*TASK ITEM*:
Stop at the line containing "- Тиберій Цезар": write out every line from the beginning of the entries up to and including it, minus the pictures.

*DATASET*:
* * * * * * *
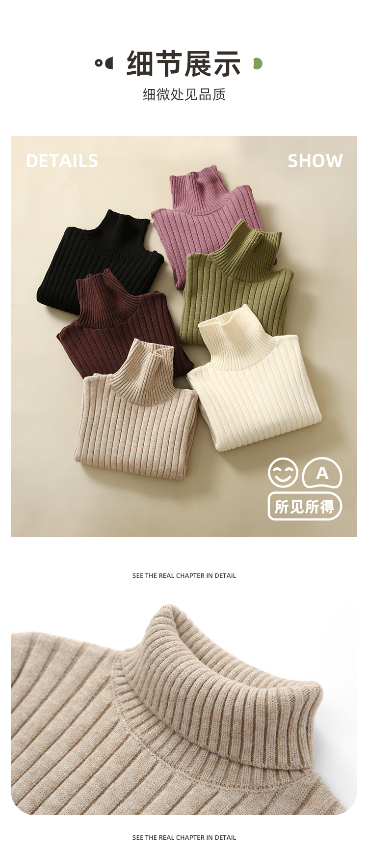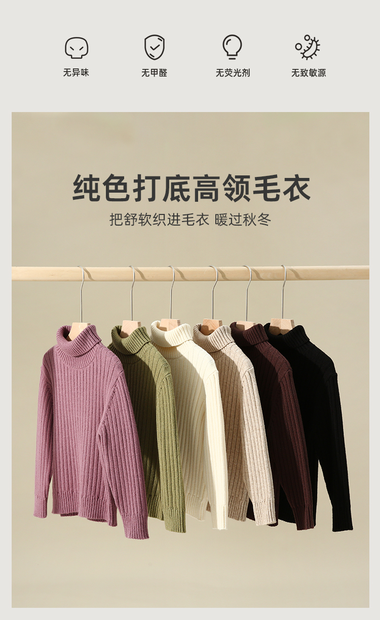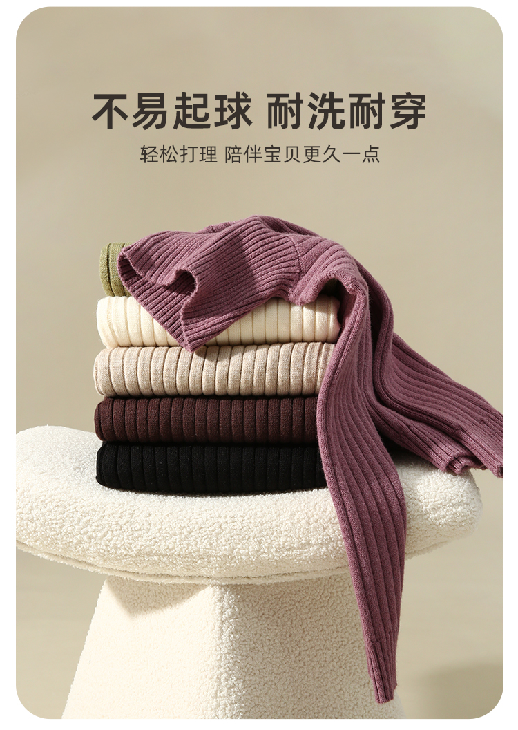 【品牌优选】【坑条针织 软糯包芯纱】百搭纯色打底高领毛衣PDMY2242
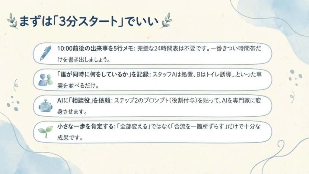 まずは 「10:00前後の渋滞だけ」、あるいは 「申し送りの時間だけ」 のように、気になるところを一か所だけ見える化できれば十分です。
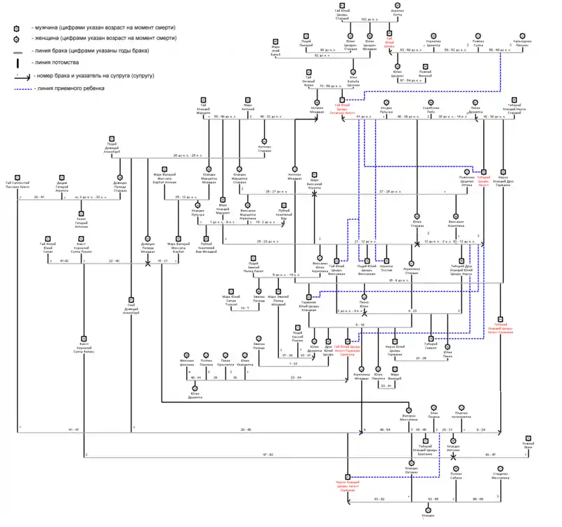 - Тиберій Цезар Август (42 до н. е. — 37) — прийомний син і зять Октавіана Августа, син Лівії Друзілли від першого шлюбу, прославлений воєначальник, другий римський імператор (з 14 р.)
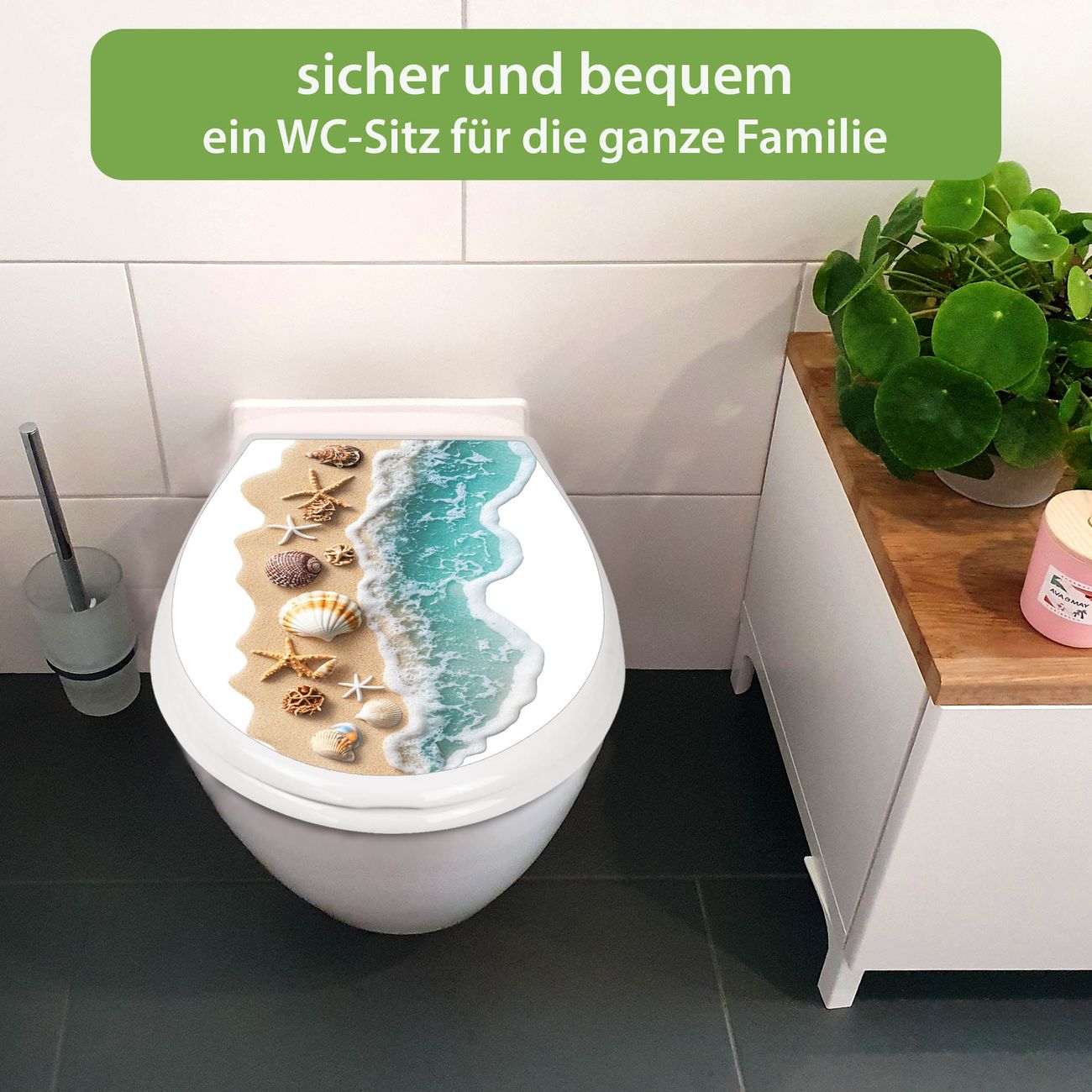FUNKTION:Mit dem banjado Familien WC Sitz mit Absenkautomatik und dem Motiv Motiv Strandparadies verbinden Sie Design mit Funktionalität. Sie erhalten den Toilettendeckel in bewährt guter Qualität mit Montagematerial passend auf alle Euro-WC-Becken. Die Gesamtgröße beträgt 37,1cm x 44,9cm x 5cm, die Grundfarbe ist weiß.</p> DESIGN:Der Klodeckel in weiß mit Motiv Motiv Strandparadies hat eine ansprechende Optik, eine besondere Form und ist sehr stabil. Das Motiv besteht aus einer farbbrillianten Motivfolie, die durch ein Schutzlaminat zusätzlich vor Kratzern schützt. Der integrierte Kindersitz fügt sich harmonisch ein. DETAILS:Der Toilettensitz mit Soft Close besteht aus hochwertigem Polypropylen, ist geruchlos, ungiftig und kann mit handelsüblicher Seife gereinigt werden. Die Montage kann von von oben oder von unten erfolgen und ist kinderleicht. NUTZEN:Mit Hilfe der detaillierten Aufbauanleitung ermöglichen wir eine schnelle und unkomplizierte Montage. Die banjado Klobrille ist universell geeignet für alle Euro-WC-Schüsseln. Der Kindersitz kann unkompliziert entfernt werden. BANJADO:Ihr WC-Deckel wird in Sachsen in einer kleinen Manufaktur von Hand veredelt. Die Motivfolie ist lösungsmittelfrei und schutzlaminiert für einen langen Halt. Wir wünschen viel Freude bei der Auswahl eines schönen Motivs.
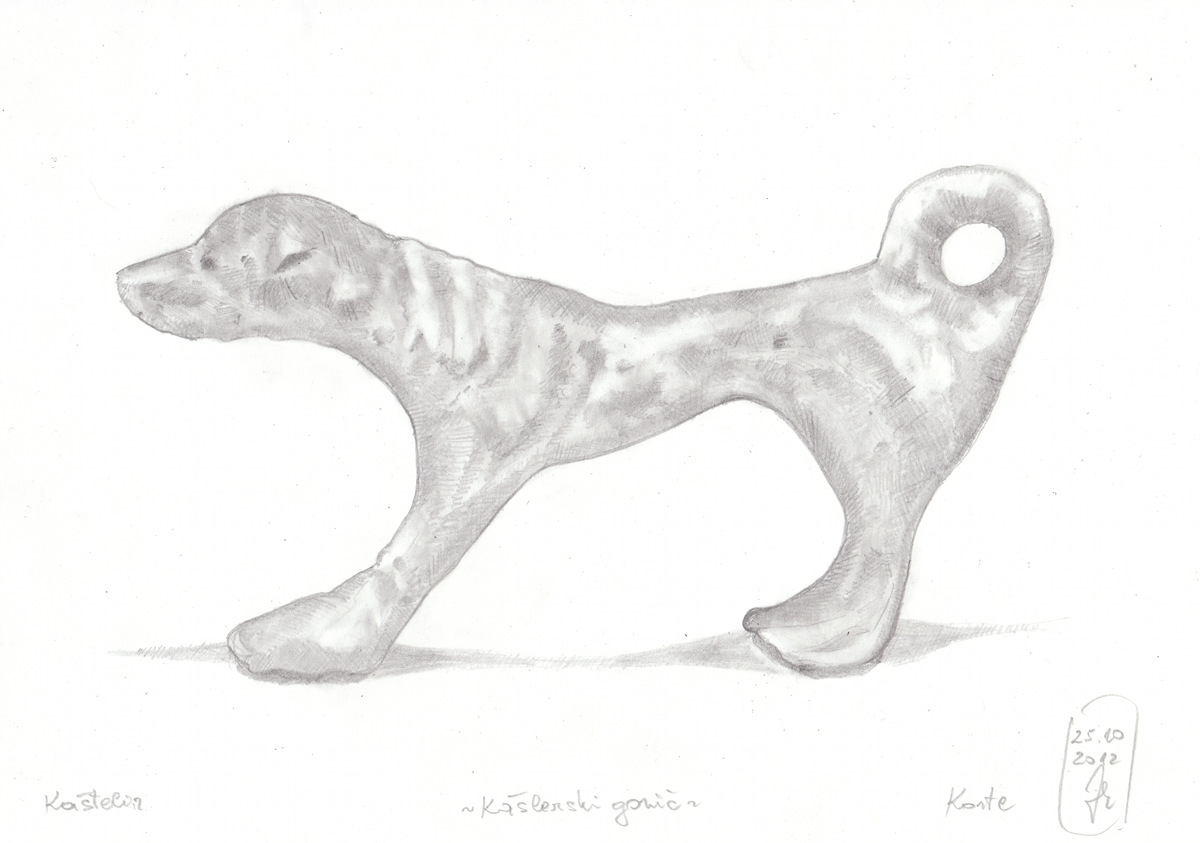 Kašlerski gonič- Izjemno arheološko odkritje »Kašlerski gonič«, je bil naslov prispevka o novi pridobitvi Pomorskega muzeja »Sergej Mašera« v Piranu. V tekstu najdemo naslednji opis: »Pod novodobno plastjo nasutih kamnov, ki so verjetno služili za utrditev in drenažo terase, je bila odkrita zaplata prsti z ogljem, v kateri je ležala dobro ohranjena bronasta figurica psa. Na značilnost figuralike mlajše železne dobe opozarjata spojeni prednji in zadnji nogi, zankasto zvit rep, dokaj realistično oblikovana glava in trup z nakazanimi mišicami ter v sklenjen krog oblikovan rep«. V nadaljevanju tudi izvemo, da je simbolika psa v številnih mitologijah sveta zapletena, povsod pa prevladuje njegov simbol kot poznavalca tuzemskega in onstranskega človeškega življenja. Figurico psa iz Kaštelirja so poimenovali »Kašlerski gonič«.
* * * * * * *
*SOLUTION TO THE PROBLEM*:
 【品牌优选】【坑条针织 软糯包芯纱】百搭纯色打底高领毛衣PDMY2242
 まずは 「10:00前後の渋滞だけ」、あるいは 「申し送りの時間だけ」 のように、気になるところを一か所だけ見える化できれば十分です。
 - Тиберій Цезар Август (42 до н. е. — 37) — прийомний син і зять Октавіана Августа, син Лівії Друзілли від першого шлюбу, прославлений воєначальник, другий римський імператор (з 14 р.)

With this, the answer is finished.